VOTING PROCEDURE FOR HOLDERS OF ORDINARY SHARES
Shareholders entitled to vote at the Meeting may do so at the Meeting. Shareholders who are unable to attend the Meeting or any adjournment thereof and who wish to ensure that their Ordinary Shares will be voted are requested to complete, date and sign the enclosed form of proxy in accordance with the instructions set out in the form of proxy and in the proxy statement accompanying this Notice and vote it (i) online at www.proxydocs.com/VRAX, (ii) by phone at 866-519-3939, or (iii) by mail to P.O. BOX 8016, CARY, NC 27512-9903 c/o Mediant Communications.
ANNUAL REPORT TO SHAREHOLDERS
Pursuant to Nasdaq’s Marketplace Rules which permit companies to make available their annual report to shareholders on or through the company’s website, the Company posts its annual reports on the Company’s website. The Company adopted this practice to avoid the considerable expense associated with mailing physical copies of such report to record holders. You may obtain a copy of our annual report to shareholders by visiting the “SEC Filings” heading under the “SEC Filings” section of the Company’s website at https://ir.viraxbiolabs.com/. If you want to receive a paper or email copy of the Company’s annual report to shareholders, you must request one. There is no charge to you for requesting a copy. Please make your request for a copy to the Investor Relations Contact of the Company, at info@viraxbiolabs.com
PROPOSAL NO. 1
APPROVAL OF THE CONSOLIDATION OF THE COMPANY’S ORDINARY SHARES
General
The Board of Directors believes that it is in the best interest of the Company and the shareholders, and is hereby soliciting shareholder approval, to effect a share consolidation of the Company’s authorized, issued and outstanding Ordinary Shares at a ratio within a range of not less than ten Ordinary Shares for one Ordinary Share and not greater than thirty Ordinary Shares for one Ordinary Share (the "Share Consolidation"), with the exact ratio to be determined by further action at the discretion of the Board to be effective on a date on or prior to July 11, 2026 as may be determined by the Board and announced by the Company, so that all shareholders holding every ten to thirty Ordinary Shares (the "Pre-Consolidation Ordinary Shares") will hold one Ordinary Share of par value ranging from US$0.10 to US$0.30 each (the "Post-Consolidation Ordinary Shares"), with such Post-Consolidation Ordinary Shares having the same rights and being subject to the same restrictions (save for par value) as the Pre-Consolidation Ordinary Shares as set out in the Company's existing memorandum and articles of association in effect at the time of Effective Date, and any fractional shares created as a result of the Share Consolidation to be rounded up to the nearest whole share be approved.
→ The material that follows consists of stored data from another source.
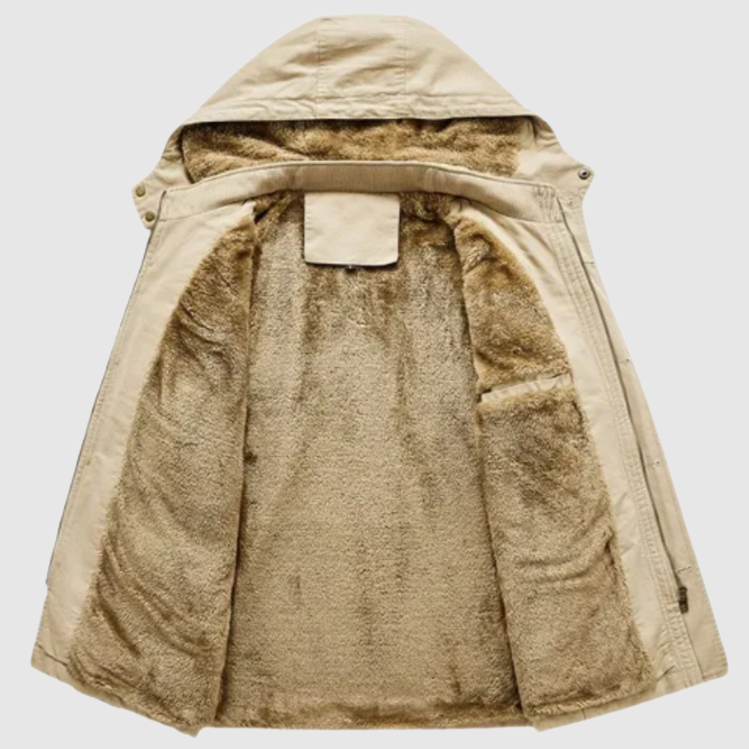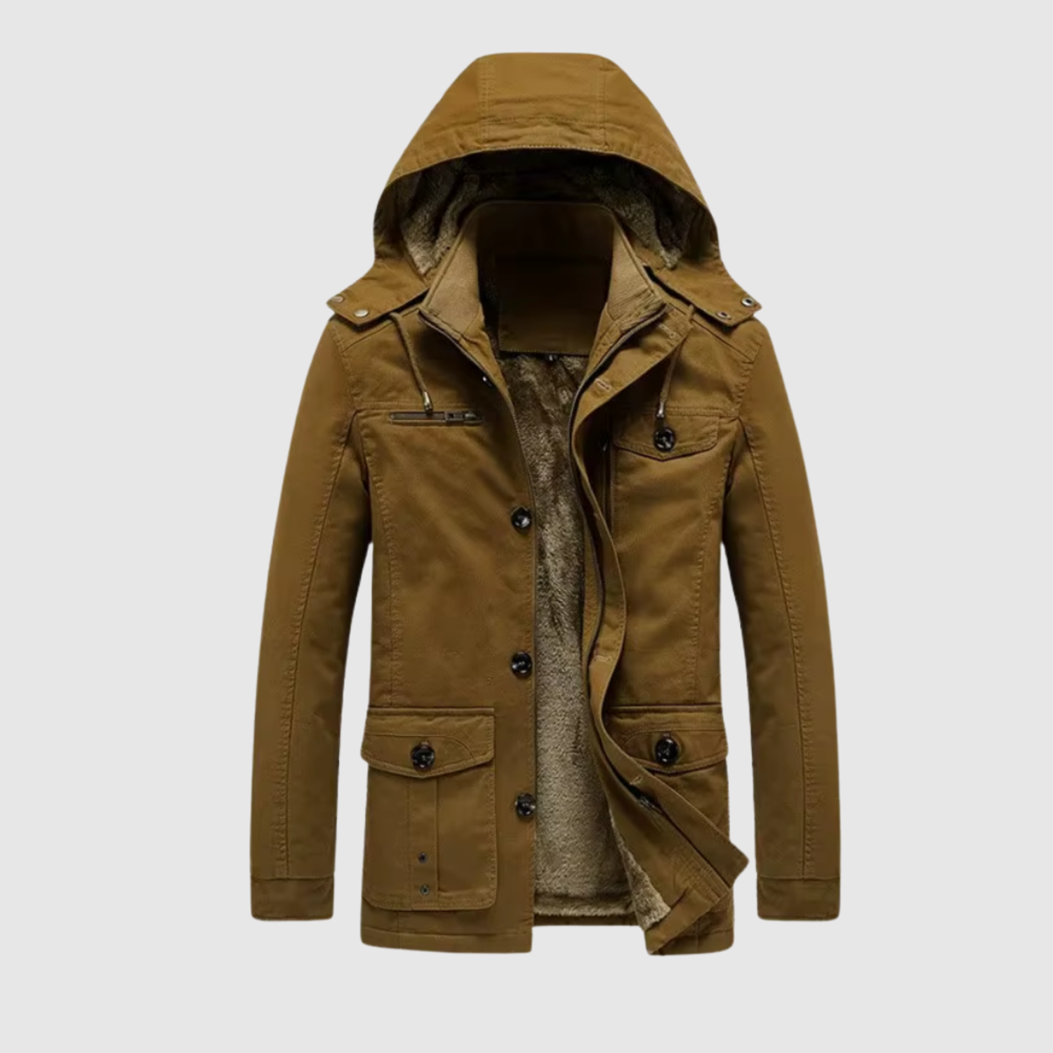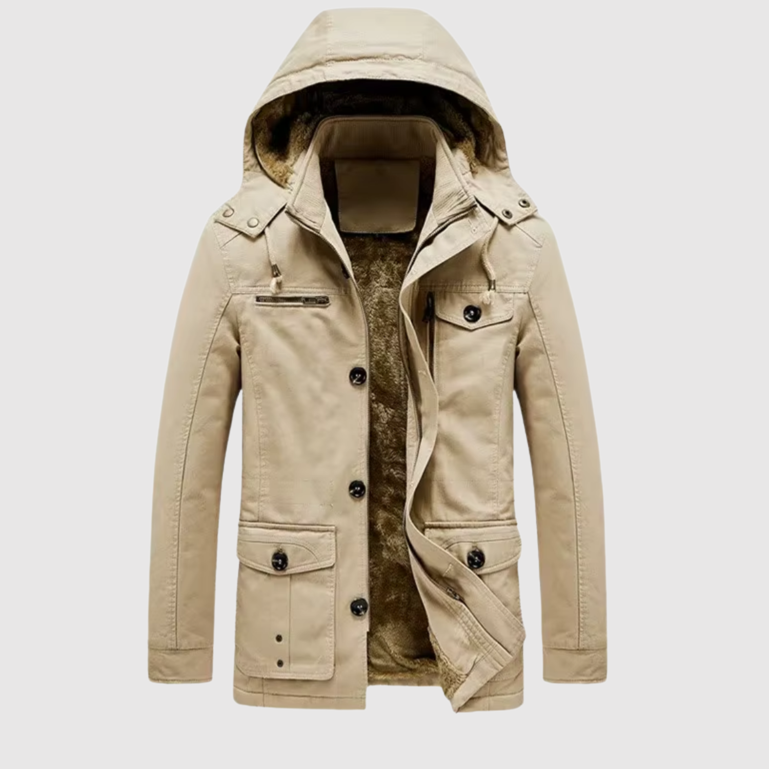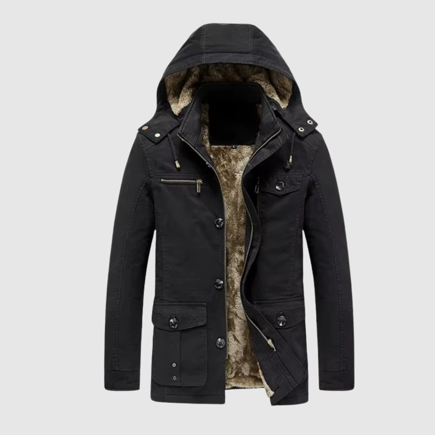 Това зимно яке е създадено за мъже, които ценят изисканата визия и практичността. Вълнената подплата осигурява отлична топлина, докато устойчивата материя предпазва от студ и вятър. Идеално за градска среда и ежедневна елегантност.
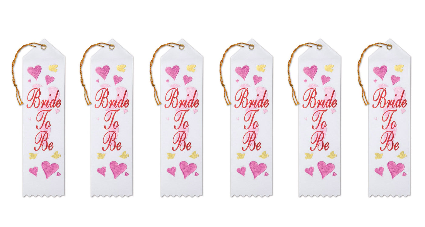 Beistle Ar128 Bride To Be Award Ribbons. Includes 6 Award Ribbons Per Package. These White Award Ribbons Are Printed With The Words 'Bride To Be' And Have Images Of Hearts And Doves. They Measure 2 Inch Wide By 8 Inch Tall.
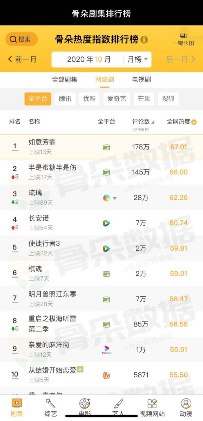 10月云合正片有效播放TOP10爱奇艺占5席 《半是蜜糖半是伤》市场占有率超10%
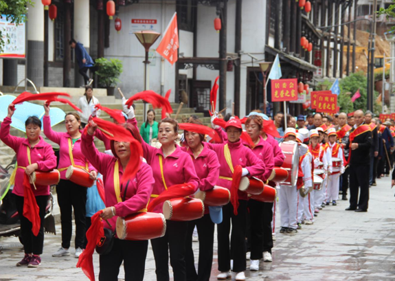 在一片响亮的锣鼓声中,烈属、军属、退役军人及家属戴着绶带和红花从康养广场行至民俗文化广场,走过之处行人纷纷驻足观望,并投去敬意和祝福。
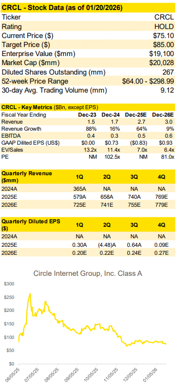 Tiger Research Team is maintaining a HOLD rating on $Circle Internet Corp.(CRCL)$ ahead of its 4Q25 earnings, but we are lowering our Price Target to $85 (previously $100).
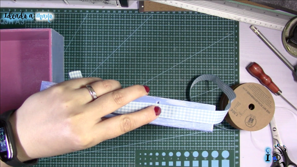 Luego pongo el lazo en la tapa, yo uso uno azul con cuadritos de Vichí. lo meto por las ranuras que tiene la tapa y en la parte inferior hago un lazo decorativo.
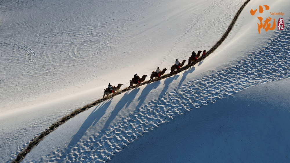 在沙漠里騎著駱駝,感受一下沙子和雪花交融在一起的觸感,這場(chǎng)大漠雪景為敦煌增添了很多迷人的感覺。

The Share Consolidation must be passed by ordinary resolution which requires the affirmative vote of a simple majority of the votes cast by, or on behalf of, the shareholders entitled to vote at the Meeting either present in person or represented by proxy at the Meeting. If our shareholders approve this proposal, our Board of Directors will have the authority to effect the Share Consolidation on or before the Effective Date, and any one director or officer of the Company will be authorized, for and on behalf of the Company, to do all such other acts or things necessary or desirable to implement, carry out and give effect to the Share Consolidation, if and when deemed advisable by the Board in its sole discretion, including instructing the Company's registered office in the Cayman Islands to file the resolutions of the shareholders and the resolutions of the board of directors with the Registrar of Companies of the Cayman Islands.
The Share Consolidation will be implemented simultaneously for all Ordinary Shares. The Share Consolidation will affect all shareholders uniformly and will have no effect on the proportionate holdings of any individual shareholder, with the exception of adjustments related to the treatment of fractional shares (see below).
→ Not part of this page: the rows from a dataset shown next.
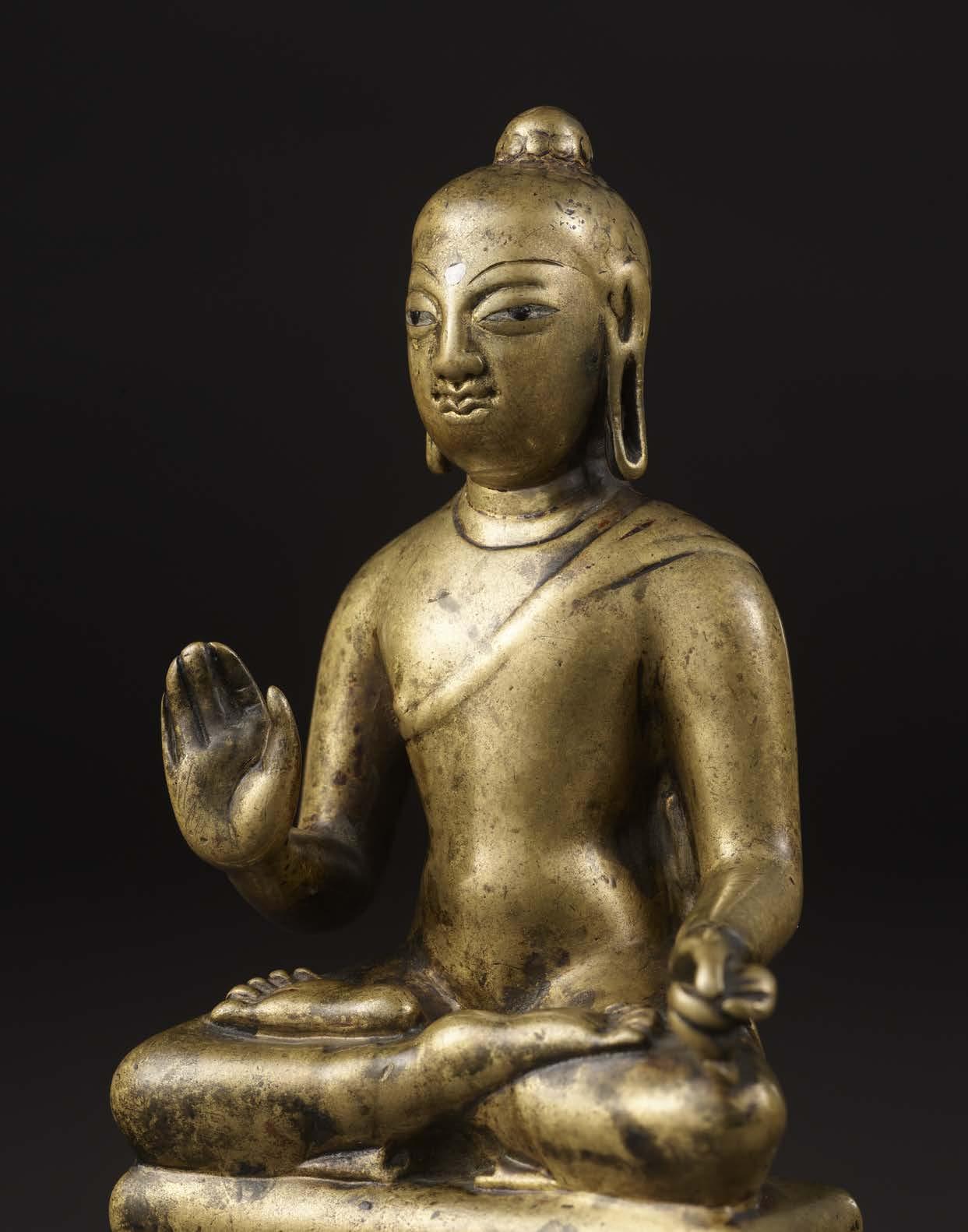 This finely cast Buddha, inlaid with silver at the eyes and urna, exemplifies the sophisticated elegance of early Kashmiri metal sculpture during the 7th and 8th century.
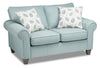 Ready to play host for your friends and family, this marine-coloured Scarlett loveseat turns your living room into the perfect entertaining space. Chenille fabric covers the furniture frame with a light blue hue to create a cozy area. Matching fabric piping outlines every edge of this piece, including the high-density foam cushions you'll want to relax on. Classic features like rolled armrests allow this piece to pair well with many different decor styles. With four throw pillows for extra comfort, this Scarlett loveseat turns your home into an inviting oasis.
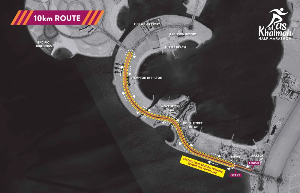 شروع و پایان نیمهماراتن، مسابقات ۱۰ کیلومتر، ۵ کیلومتر و دوی تفریحی ۲ کیلومتر در جزیره المرجان، رأسالخیمه برگزار میشود.
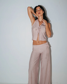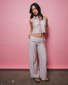 Collared Sleeveless Top With Double Front Tie Details And Logo Chest Embroidery. 85% Rayon 15% Polyester
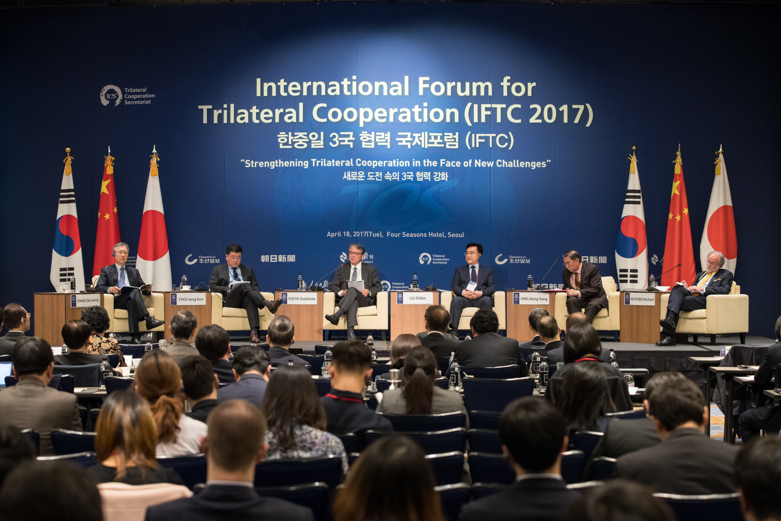 刘德斌教授应邀在第一分论坛发言。第一分论坛的主题为“全球不确定性增加 —— 重新审视三国合作的意义”。除中日韩学者外,第一分论坛还邀请了东盟和欧盟的代表参加。刘德斌以“中日韩:在应对不确定性的挑战中构建命运共同体”为题目,首先就全球不确定性的根源进行了探讨,提出在当前形势下中日韩关系实际上面临一种历史性的抉择:各自为战,渐行渐远?还是求同存异,共度时艰?刘德斌教授接着分析了中日韩关系的确定性和不确定性,指出“亚洲悖论”的核心是“中日韩困局”,中日韩三国只有珍惜业已形成的广泛深入的经济纽带和社会互动,持续拓展以增加三国人民相互了解和理解为目的的公共外交,推动中日韩向东北亚命运共同体的方向发展,才能使三国关系摆脱“困局”,在全球经济和政治形势日趋动荡的环境中赢得主动。韩国延世大学崔钟健教授和日本庆应义塾大学添谷芳秀教授分别谈论了特朗普当选美国总统对中日韩三国和东北亚局势的影响,前东盟秘书长、南洋理工大学拉惹勒南国际研究院执行副主席王景荣教授和欧盟驻韩国代表团麦克·赖特雷尔大使分别介绍了东盟和欧盟一体化进程中的经验和教训。各位发言人还有听众进行了热烈的互动。共有400多位来自韩国和东亚其他国家的政界、学界和企业界的听众参加了本次论坛。
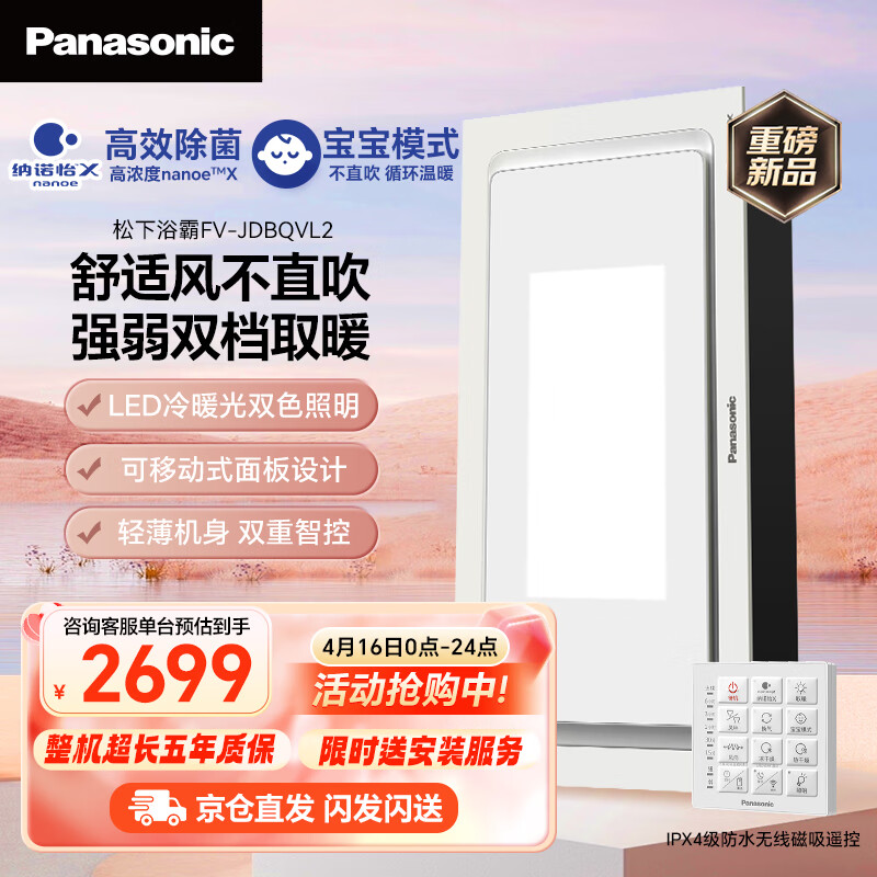 松下(Panasonic)风暖浴霸 浴霸暖风照明排气一体 通用吊顶式 FV-JDBQVL2大白盖价格:3262.00元!

Purpose of the Share Consolidation
The Company’s Ordinary Shares are currently listed on the Nasdaq Capital Market (“Nasdaq”) under the symbol “VRAX.” Among other requirements, the listing maintenance standards established by Nasdaq require the Ordinary Shares to have a minimum closing bid price of at least $1.00 per share. Pursuant to the Nasdaq Marketplace Rule 5550(a)(2) (the “Minimum Bid Price Rule”), if the closing bid price of the Ordinary Shares is not equal to or greater than $1.00 for 30 consecutive business days, Nasdaq will send a deficiency notice to the Company. Thereafter, if the Ordinary Shares do not close at a minimum bid price of $1.00 or more for 10 consecutive business days within 180 calendar days of the deficiency notice, Nasdaq may determine to delist the Ordinary Shares.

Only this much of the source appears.